The volume of metabolic water formed in the body depends entirely on the level of aerobic respiration, which reflects the demand for ATP (Adenosine triphosphate is the energy packets in your cells that is essential for life and your body to function) in body cells. When more ATP is produced, more water is formed. Body water gain is regulated mainly by the volume of water intake or how much fluid you drink. An area in the hypothalamus known as the thirst center governs the urge to drink.

When water loss is greater than water gain, dehydration—a decrease in volume and an increase in osmolarity of body fluids— occurs. A decrease in blood volume causes blood pressure to fall. Increased activity from osmoreceptors in the hypothalamus, triggered by increased blood osmolarity, stimulates the thirst center in the hypothalamus (Figure 5).

Other signals that stimulate the thirst center come from:

  1. Volume receptors in the atria that detect the decrease in blood volume,
  2. Baroreceptors in blood vessels that detect the decrease in blood pressure,
  3. Angiotensin II that is formed due to activation of the renin-angiotensin-aldosterone pathway by the decrease in blood pressure, and
  4. Neurons in the mouth that detect dryness due to a decreased flow of saliva. As a result of these stimuli, the sensation of thirst increases, which usually leads to increased fluid intake (as long as fluids are available) and restoration of normal fluid volume.
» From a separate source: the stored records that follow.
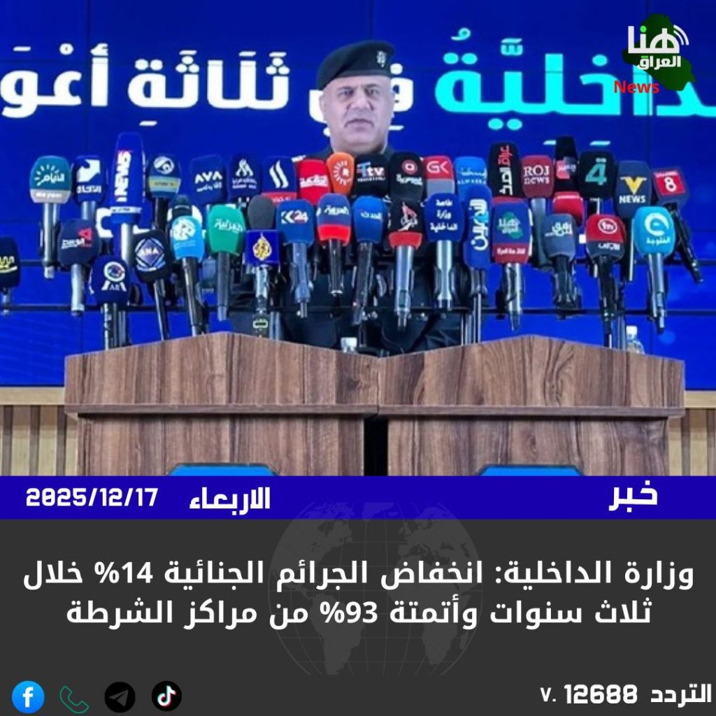 أعلنت وزارة الداخلية، اليوم الأربعاء، تسجيل انخفاض في نسبة الجرائم الجنائية بلغ 14 بالمئة خلال السنوات الثلاث الماضية، في مؤشر على تحسن الواقع الأمني وتعزيز الاستقرار الداخلي.
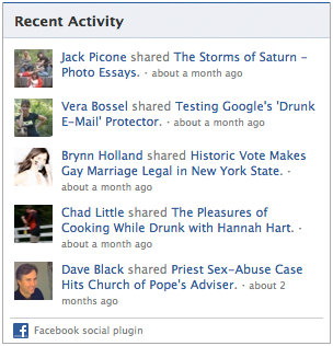 すでに多くのウェブサイトが social pluginsを用いてサイト上でのユーザアクションを表示しています。Sporting Newsにとってこれは、友だち間でもっとも人気のある記事を表示するいい方法です。Rdioにとっては、新しい音楽を発見する方法となっています。
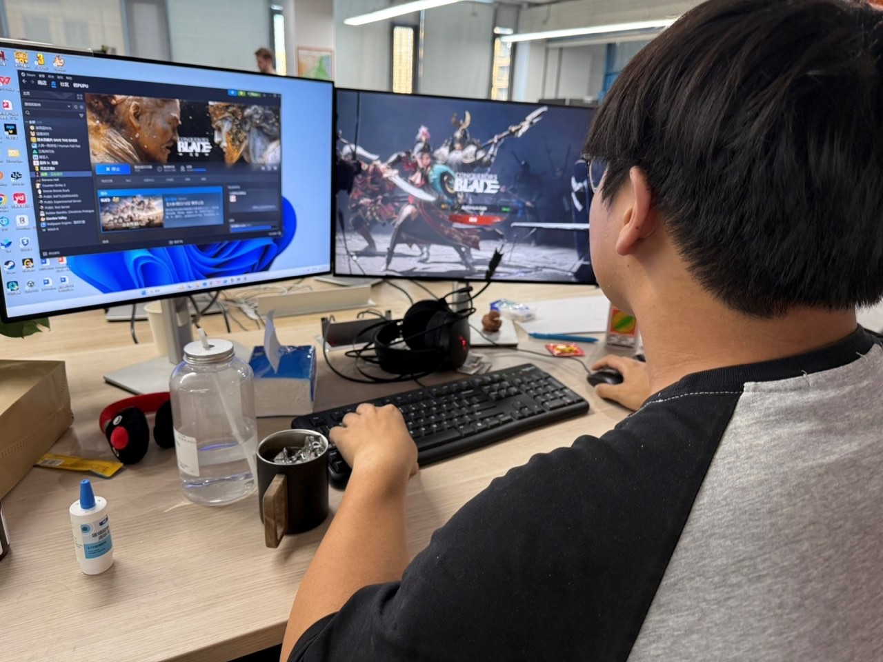 近日,黄色网址 翻译硕士导师高乾实地走访了位于杭州西湖区的不鸣科技公司,探望在此进行游戏本地化实习的23级翻译硕士研究生韩彬。不鸣科技是跨文明古代战争网游《战意》的开放商,该游戏已在Steam平台进行全球多语言发行。

Overall, fluid gain balances fluid loss. Sometimes, however, the sensation of thirst does not occur quickly enough or access to fluids is restricted, and significant dehydration ensues. This happens most oft en in elderly people, in infants, and in those who are in a confused mental state. When heavy sweating or fluid loss from diarrhea or vomiting occurs, it is wise to start replacing body fluids by drinking fluids even before the sensation of thirst occurs.

Figure 5. Regulation of water intake

regulation of water intake

Regulation of Electrolyte and Water Loss

Even though the loss of water and electrolytes through sweating and exhalation increases during exercise, elimination of excess body water or electrolytes occurs mainly by control of their loss in urine. The extent of urinary salt (NaCl) loss is the main factor that determines body fluid volume. The reason for this is that “water follows electrolytes” in osmosis, and the two main electrolytes in extracellular fluid (and in urine) are sodium ions (Na+) and chloride ions (Cl−). In a similar way, the main factor that determines body fluid osmolarity is the extent of urinary water loss.
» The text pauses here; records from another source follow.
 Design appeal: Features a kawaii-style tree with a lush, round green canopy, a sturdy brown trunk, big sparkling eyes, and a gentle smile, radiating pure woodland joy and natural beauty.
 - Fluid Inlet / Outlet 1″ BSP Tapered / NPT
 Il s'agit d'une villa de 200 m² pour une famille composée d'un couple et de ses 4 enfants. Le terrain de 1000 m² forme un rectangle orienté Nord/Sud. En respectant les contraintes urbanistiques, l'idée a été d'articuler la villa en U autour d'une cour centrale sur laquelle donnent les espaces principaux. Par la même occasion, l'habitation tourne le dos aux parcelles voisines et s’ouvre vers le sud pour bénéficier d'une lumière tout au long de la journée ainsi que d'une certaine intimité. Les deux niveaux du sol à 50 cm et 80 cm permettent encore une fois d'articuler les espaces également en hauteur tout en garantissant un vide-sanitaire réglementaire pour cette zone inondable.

The major hormone that regulates water loss is antidiuretic hormone (ADH). This hormone, also known as vasopressin, is produced by neurosecretory cells in the hypothalamus and stored in the posterior pituitary gland. When the osmolarity of body fluids increases, osmoreceptors in the hypothalamus not only stimulate thirst; they also increase the synthesis and release of ADH (Figure 6). ADH promotes the insertion of water-channel proteins (aquaporin-2) into the apical membranes of principal cells in the late distal tubules and collecting ducts of the kidneys. As a result, the permeability of these cells to water increases. Water molecules move by osmosis from the renal tubular fluid into the cells and then from the cells into the bloodstream. This results in a decrease in blood osmolarity, an increase in blood volume and blood pressure, and the production of a small volume of concentrated urine. Once the body has adequate water, the ADH level in the bloodstream decreases. As the amount of ADH in the blood declines, some of the aquaporin-2 channels are removed from the apical membrane via endocytosis. Consequently, the water permeability of the principal cells decreases and more water is lost in the urine.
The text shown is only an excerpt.